Work instructions —
Search the data below for the word "país" and report how many lines contain it. Nothing but the number is needed.

[Dataset excerpts]
☆ ☆ ☆

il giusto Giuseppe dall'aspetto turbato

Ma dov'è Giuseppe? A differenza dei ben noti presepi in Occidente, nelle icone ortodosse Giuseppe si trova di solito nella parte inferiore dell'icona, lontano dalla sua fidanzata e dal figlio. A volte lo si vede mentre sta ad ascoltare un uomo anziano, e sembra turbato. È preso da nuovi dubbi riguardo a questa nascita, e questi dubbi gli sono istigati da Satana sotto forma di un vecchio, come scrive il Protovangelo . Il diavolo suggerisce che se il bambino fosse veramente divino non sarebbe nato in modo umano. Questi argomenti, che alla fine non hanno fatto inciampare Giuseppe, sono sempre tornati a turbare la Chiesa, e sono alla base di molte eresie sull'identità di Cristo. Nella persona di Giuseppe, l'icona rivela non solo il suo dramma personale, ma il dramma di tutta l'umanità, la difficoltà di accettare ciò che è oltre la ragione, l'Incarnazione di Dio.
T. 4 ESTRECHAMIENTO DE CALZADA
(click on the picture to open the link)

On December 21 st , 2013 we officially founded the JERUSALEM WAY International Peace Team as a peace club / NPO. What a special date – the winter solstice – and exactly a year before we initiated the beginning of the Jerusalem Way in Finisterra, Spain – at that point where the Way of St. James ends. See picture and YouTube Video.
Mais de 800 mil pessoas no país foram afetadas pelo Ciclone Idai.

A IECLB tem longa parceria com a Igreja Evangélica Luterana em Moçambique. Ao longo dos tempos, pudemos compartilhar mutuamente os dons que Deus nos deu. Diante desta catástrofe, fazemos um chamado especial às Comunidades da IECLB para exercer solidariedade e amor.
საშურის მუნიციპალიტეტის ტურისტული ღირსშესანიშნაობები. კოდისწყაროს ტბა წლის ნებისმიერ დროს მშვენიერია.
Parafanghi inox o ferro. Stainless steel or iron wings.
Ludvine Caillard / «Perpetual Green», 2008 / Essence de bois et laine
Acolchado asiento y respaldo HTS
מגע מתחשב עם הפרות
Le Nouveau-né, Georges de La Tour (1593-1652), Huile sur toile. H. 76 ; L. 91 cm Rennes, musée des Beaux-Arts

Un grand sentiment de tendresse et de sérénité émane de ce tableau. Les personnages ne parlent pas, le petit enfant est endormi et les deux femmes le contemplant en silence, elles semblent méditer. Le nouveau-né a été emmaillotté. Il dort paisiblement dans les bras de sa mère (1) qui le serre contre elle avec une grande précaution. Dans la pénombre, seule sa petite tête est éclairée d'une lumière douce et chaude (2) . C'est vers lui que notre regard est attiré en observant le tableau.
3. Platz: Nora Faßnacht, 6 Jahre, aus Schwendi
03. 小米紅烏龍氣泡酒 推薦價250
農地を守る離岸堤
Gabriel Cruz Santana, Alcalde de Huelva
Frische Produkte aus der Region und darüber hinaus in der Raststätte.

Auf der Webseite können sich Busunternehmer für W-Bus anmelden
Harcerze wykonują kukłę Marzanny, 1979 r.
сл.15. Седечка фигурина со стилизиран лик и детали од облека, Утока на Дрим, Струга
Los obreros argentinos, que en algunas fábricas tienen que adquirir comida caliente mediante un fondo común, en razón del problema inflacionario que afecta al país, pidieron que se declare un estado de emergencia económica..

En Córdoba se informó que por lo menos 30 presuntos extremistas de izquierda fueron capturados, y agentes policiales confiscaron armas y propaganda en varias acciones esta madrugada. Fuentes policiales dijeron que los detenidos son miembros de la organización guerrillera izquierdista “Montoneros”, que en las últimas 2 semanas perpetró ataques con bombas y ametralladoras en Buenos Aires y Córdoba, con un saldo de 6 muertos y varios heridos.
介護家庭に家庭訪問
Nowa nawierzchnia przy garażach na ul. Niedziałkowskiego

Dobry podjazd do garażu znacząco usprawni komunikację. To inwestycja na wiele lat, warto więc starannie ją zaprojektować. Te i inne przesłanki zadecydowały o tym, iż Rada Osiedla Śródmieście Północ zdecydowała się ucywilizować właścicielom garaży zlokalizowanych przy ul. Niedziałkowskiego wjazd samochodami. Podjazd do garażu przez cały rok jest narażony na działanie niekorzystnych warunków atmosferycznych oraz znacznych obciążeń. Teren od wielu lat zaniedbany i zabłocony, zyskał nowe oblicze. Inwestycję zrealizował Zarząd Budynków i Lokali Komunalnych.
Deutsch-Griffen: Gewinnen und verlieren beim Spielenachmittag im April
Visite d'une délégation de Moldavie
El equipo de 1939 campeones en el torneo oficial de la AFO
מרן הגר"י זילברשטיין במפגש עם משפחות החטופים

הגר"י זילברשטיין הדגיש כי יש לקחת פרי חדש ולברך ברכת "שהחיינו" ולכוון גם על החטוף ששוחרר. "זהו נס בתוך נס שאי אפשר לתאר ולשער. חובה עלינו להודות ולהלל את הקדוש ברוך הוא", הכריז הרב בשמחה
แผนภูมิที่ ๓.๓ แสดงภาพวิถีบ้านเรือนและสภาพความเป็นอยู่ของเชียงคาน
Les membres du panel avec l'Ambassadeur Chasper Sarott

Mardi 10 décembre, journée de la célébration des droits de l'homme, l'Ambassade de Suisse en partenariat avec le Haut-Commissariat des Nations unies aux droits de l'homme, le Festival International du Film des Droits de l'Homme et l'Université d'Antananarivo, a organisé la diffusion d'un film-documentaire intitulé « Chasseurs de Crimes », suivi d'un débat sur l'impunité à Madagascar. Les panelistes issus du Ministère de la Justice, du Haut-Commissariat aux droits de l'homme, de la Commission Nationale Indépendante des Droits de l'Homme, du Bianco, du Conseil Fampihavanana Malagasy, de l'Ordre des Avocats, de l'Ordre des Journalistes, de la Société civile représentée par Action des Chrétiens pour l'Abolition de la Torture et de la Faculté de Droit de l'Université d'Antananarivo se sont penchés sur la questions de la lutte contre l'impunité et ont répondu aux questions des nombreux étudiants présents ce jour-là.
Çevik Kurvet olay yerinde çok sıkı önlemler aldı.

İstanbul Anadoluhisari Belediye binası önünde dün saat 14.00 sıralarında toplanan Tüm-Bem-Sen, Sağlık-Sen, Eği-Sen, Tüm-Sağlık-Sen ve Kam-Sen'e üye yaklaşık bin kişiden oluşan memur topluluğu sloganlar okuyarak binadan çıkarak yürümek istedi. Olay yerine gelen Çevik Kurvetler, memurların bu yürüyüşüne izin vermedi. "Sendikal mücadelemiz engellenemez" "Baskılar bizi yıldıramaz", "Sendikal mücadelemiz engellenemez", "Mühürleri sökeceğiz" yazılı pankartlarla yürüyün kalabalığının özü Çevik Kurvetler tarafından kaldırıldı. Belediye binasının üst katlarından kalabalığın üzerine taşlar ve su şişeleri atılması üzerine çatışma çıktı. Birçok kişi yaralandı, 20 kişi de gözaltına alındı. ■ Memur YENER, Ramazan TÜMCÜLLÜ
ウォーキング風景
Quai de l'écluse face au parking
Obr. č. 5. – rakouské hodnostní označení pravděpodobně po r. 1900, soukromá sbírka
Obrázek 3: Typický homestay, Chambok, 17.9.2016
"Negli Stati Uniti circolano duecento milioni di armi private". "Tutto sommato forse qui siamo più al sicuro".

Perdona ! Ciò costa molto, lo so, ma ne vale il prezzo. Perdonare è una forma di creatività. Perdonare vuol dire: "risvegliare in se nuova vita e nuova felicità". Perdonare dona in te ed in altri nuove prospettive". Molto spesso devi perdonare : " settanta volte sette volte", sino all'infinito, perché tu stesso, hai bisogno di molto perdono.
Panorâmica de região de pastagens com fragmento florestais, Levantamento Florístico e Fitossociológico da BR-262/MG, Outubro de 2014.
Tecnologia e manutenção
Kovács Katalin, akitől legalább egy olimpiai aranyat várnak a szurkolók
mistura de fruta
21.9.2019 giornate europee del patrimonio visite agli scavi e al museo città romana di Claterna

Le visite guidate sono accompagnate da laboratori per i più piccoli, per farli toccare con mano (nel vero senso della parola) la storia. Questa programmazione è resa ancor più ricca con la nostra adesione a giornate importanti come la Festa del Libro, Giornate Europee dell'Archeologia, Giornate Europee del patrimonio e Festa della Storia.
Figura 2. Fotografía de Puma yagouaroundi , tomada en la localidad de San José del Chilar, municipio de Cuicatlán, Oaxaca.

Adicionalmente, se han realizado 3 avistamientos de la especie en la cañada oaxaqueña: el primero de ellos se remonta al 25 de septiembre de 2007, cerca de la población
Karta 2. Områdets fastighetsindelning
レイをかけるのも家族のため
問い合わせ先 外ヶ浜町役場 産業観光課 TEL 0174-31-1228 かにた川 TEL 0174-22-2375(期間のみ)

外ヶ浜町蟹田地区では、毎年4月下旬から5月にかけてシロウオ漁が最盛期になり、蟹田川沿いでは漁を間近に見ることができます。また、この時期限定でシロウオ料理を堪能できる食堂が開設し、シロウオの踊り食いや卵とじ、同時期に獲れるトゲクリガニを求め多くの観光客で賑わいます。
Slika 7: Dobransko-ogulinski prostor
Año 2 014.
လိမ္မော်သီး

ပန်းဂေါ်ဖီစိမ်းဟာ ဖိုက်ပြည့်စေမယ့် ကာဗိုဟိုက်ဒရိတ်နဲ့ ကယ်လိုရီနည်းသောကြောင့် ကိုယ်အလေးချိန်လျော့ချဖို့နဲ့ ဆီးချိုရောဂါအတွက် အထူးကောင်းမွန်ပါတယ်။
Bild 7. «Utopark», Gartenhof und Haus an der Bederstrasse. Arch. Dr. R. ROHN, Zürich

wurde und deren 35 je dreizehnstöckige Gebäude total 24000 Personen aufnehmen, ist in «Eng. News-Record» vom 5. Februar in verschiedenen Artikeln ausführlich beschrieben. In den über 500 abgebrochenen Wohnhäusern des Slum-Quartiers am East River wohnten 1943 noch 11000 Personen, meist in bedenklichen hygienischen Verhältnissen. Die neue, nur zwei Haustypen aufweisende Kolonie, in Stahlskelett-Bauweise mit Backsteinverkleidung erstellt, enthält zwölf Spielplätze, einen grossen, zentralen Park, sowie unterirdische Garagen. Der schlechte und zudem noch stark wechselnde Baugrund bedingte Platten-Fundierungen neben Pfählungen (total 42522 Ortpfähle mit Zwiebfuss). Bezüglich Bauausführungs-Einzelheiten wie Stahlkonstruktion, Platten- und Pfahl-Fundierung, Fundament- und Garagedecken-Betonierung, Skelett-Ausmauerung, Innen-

☆ ☆ ☆

Answer section —
2